Exercise data:

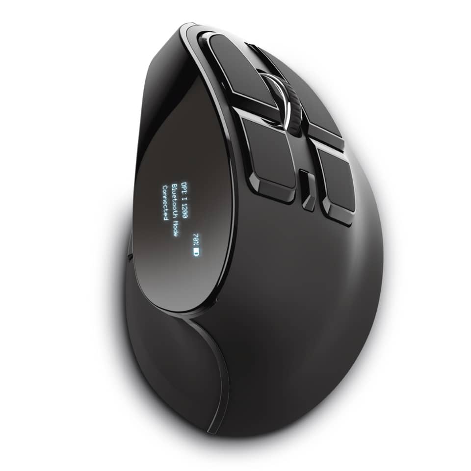Un mouse wireless ricaricabile con display digitale e design ergonomico verticale, per offrire il comfort ottimale. Il design ergonomico verticale riduce la tensione al braccio e al polso. Il display LED indica lo stato della batteria e della connessione, la modalità wireless e l’impostazione DPI. Ottimizza il tuo flusso di lavoro riassegnando le funzioni dei pulsanti tramite il menu su display LED. Utilizzabile via USB o Bluetooth su PC, laptop, tablet o smartphone. Attento all’ambiente: non richiede batterie, grazie alla batteria ricaricabile integrata; 9 pulsanti, tra cui pulsanti laterali azionabili con il pollice e facilmente accessibili (avanti e indietro) e pulsanti superiori con una presa ancora più salda. Perfetto controllo del cursore, con velocità regolabile (1200-1600-2000-2400 DPI). Interruttore di accensione/spegnimento per il risparmio energetico.
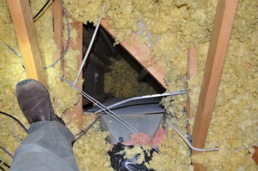 Large duct chase covered with insulation Published January 9, 2012 at 1024 × 680 in What does it mean if your fiberglass insulation is black? Duct chases like this are huge energy holes. Cap and seal them.
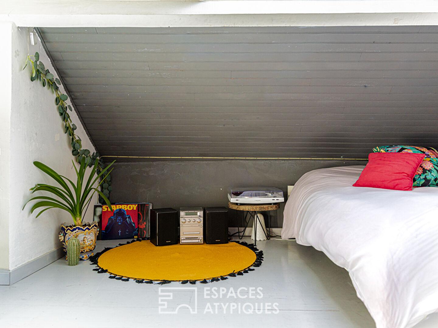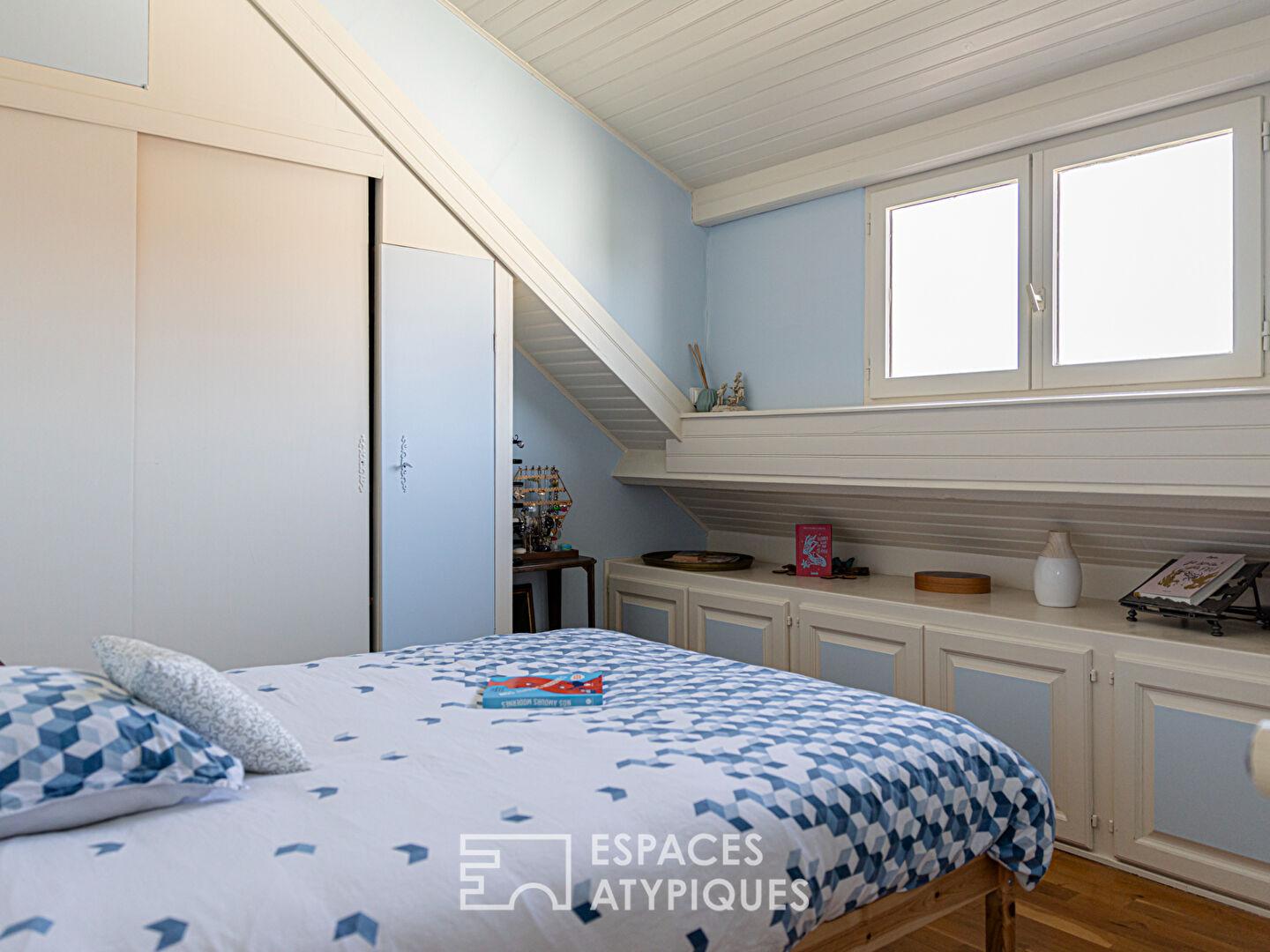 L’étage accueille un palier distribuant trois chambres mansardées, un bureau et une salle de bains.

Task brief: Once the pictures are removed, copy the listing exactly.

Answer to this task:
Un mouse wireless ricaricabile con display digitale e design ergonomico verticale, per offrire il comfort ottimale. Il design ergonomico verticale riduce la tensione al braccio e al polso. Il display LED indica lo stato della batteria e della connessione, la modalità wireless e l’impostazione DPI. Ottimizza il tuo flusso di lavoro riassegnando le funzioni dei pulsanti tramite il menu su display LED. Utilizzabile via USB o Bluetooth su PC, laptop, tablet o smartphone. Attento all’ambiente: non richiede batterie, grazie alla batteria ricaricabile integrata; 9 pulsanti, tra cui pulsanti laterali azionabili con il pollice e facilmente accessibili (avanti e indietro) e pulsanti superiori con una presa ancora più salda. Perfetto controllo del cursore, con velocità regolabile (1200-1600-2000-2400 DPI). Interruttore di accensione/spegnimento per il risparmio energetico.
 Large duct chase covered with insulation Published January 9, 2012 at 1024 × 680 in What does it mean if your fiberglass insulation is black? Duct chases like this are huge energy holes. Cap and seal them.
 L’étage accueille un palier distribuant trois chambres mansardées, un bureau et une salle de bains.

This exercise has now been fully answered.